The rural economy is starting to shrink due to recession fears and other economic tensions, bankers said in a June survey.
For the first time in almost two years, the overall reading in the
Rural Mainstreet Index fell below growth-neutral to 49.8%, its lowest level since September 2020, and down from May's 57.7.
“Much like the nation, the growth in the Rural Mainstreet economy is slowing,” said survey author Ernie Goss, a professor at Creighton University's College of Business in Omaha, Nebraska. “Supply chain disruptions from transportation bottlenecks and labor shortages continue to constrain growth.”
In the monthly survey of community bank presidents and CEOs in 10 states, the index ranges from 0 to 100, with a reading of 50.0 representing growth-neutral.
This month, bankers were asked about the likelihood of a recession within the next 12 months. More than 90% rated the probability at above 50%, while 7% indicated that it was below 50%.

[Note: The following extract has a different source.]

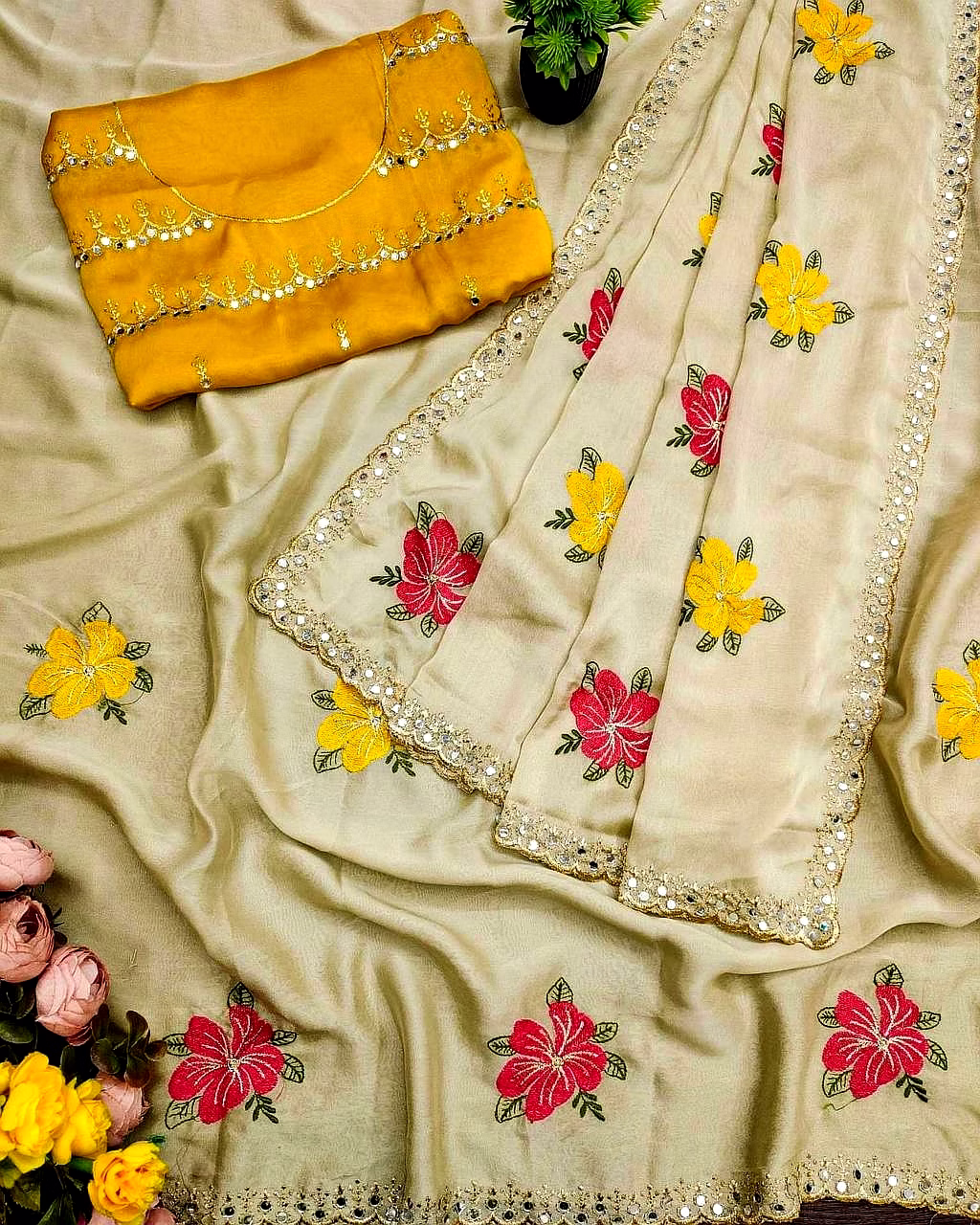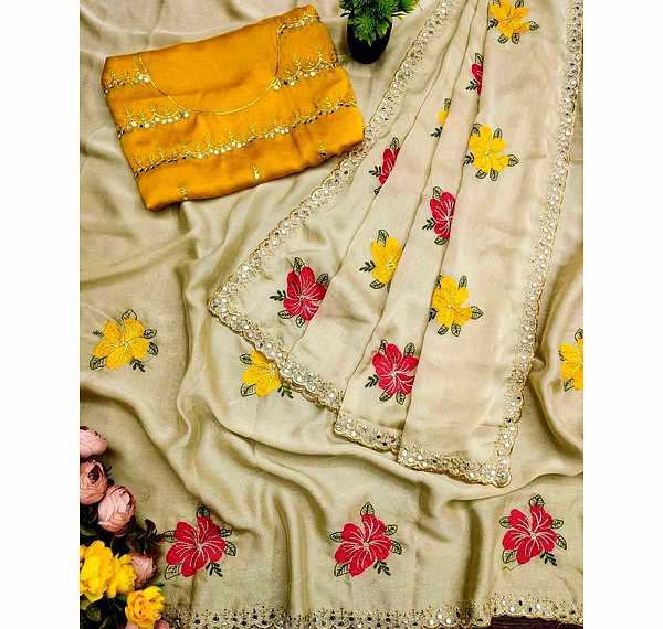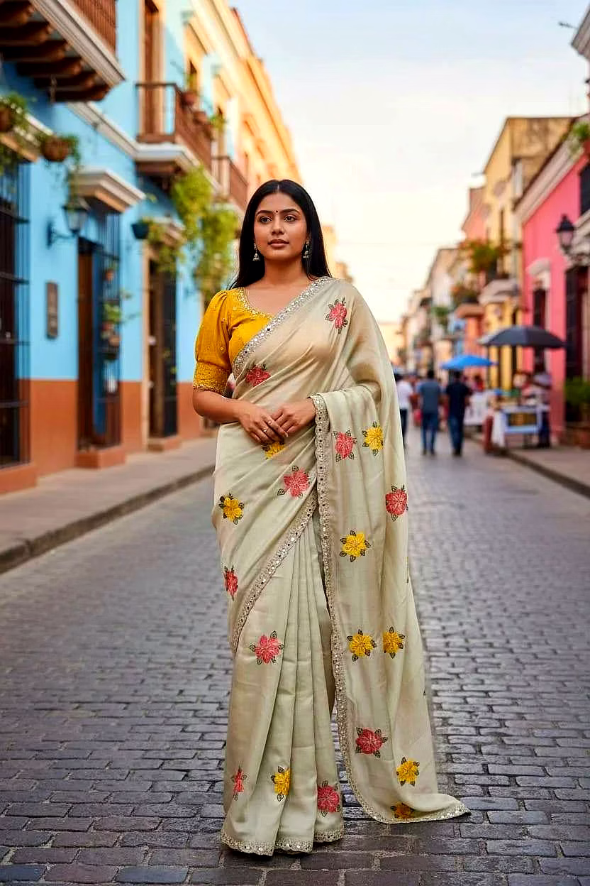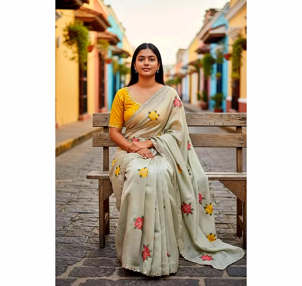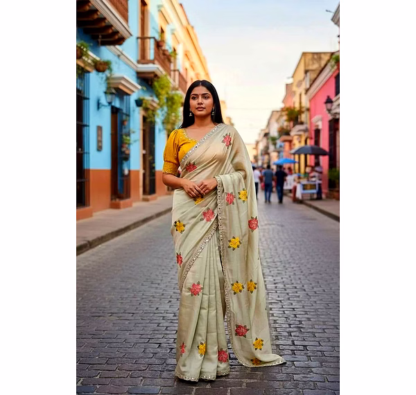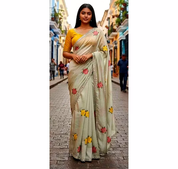 Perfect for weddings, parties, and festive occasions, this saree offers a luxurious drape, lightweight comfort, and an effortlessly elegant silhouette.

The business confidence index, bankers’ expectations for the economy six months out, fell to 33.9, its lowest level since May 2020. Surging prices and recession fears resulted in the outlook’s lowest back-to-back readings since the beginning of the pandemic in April and May 2020.
Inflation and other economic pressures are causing more farmers to borrow to cover higher costs for energy, fertilizer and other expenses. This month, the loan volume index rose to 78.5, its highest reading since May 2019.
For the 21st straight month, the farm and ranchland prices continue to be above growth-neutral. This month, the price index rose to 76.8 from 72.0 in May.
“Over the past several months, the Creighton survey has registered the most consistent and strongest growth in farmland prices since the survey was launched in 2006,” it said.
The home-sales index dropped to a solid 55.4 from May’s 61.5. The retail-sales index for June sank to 48.2 from May’s growth-neutral 50.0.
“Rising energy prices and higher interest rates reduced home and retail sales on Rural Mainstreet,” said Goss.